DATA TO USE>
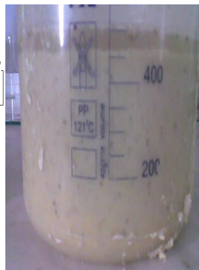
Диспергированная кормовая смесь
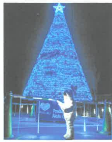
「芳田イルミネーション」
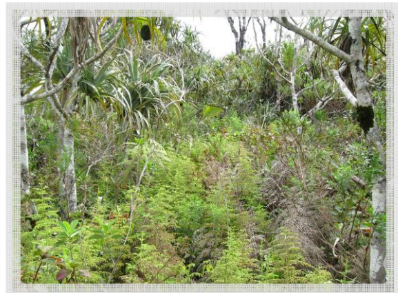
▲ La Pandanaie, faciès à Lycopodiella cernua
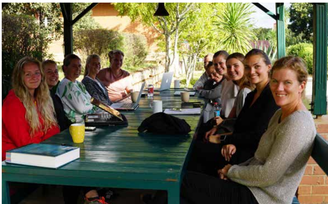
Veiledningsgruppe med sykepleie- og vernepleiestudenter
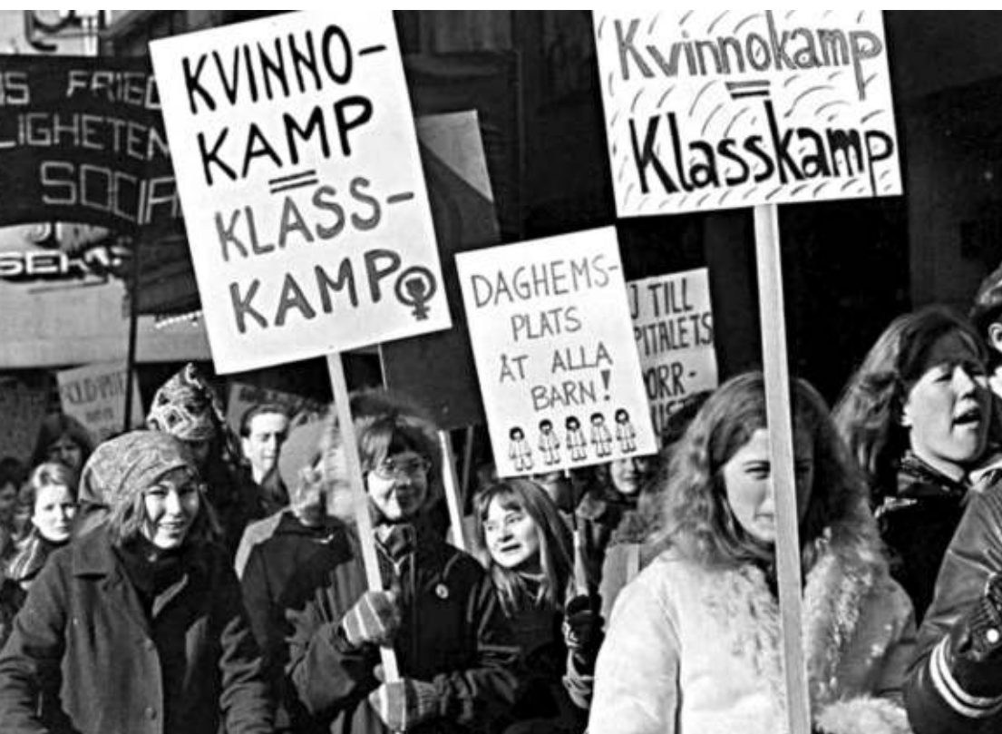
Grupp 8 gjorde kvinnokampen kul och inspirerande – och utträttade mycket.

Det är härligt att höra sin samtidshistoria framförd av skickliga föreläsare. "Revolutioner i kvinnovärlden 1900–1970" som gavs av Uppsala Senioruniversitetet våren 2017 var en av de mest inspirerande föreläsningsserier jag kan minnas. Den skildrade ju oss lite äldre kvinnor och våra liv.
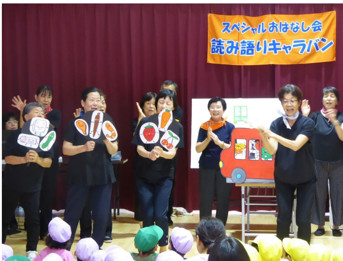
スペシャルおはなし会 読み語りキャラバン
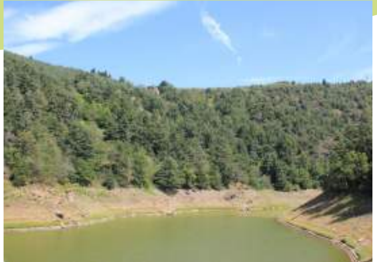
Vue de la vallée de l'Ondenon depuis le barrage

Des ensembles de prairies naturelles sont toujours présents sur le versant nord du Pilat près de la Chavanna tout comme sur le rebord sud du plateau du Bessy, au dessus de la Rivoire.
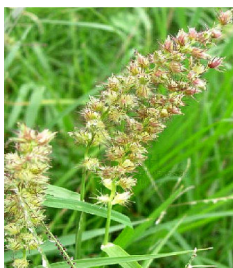
蒺藜草（中国自然标本馆 供） 蒺藜草（中国自然标本馆 供）
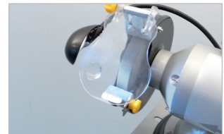
Éclairage LED orientable Adjustable LED light
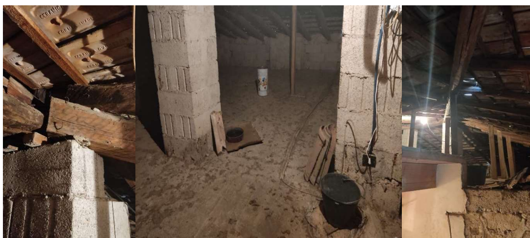
Vista Sotto tetto
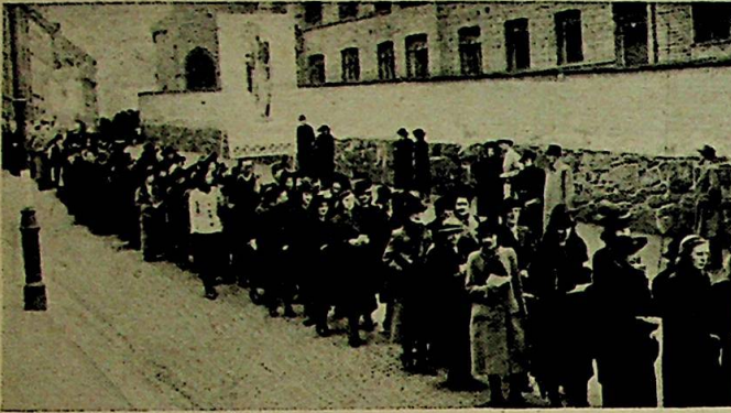
Jubileumsprosesjonen i Oslo, påskelørdag.
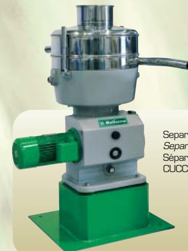
Separatore Separator Séparateur CUCCILO

complet de résistance électrique pour le chauffage de l'eau, thermostat et pompe de recyclage, une pompe mono pour le transfert de la pâte à l'extracteur, un extracteur centrifuge prédisposé pour travailler à deux phases et un tableau électrique général.

WHAT THE EXERCISE ASKS> What you need to retype is every line from the one that has "蒺藜草（中国自然标本馆 供） 蒺藜草（中国自然标本馆 供）" through the last line of the listing, both included, with the pictures left out.

RESULT>
蒺藜草（中国自然标本馆 供） 蒺藜草（中国自然标本馆 供）
Éclairage LED orientable Adjustable LED light
Vista Sotto tetto
Jubileumsprosesjonen i Oslo, påskelørdag.
Separatore Separator Séparateur CUCCILO

complet de résistance électrique pour le chauffage de l'eau, thermostat et pompe de recyclage, une pompe mono pour le transfert de la pâte à l'extracteur, un extracteur centrifuge prédisposé pour travailler à deux phases et un tableau électrique général.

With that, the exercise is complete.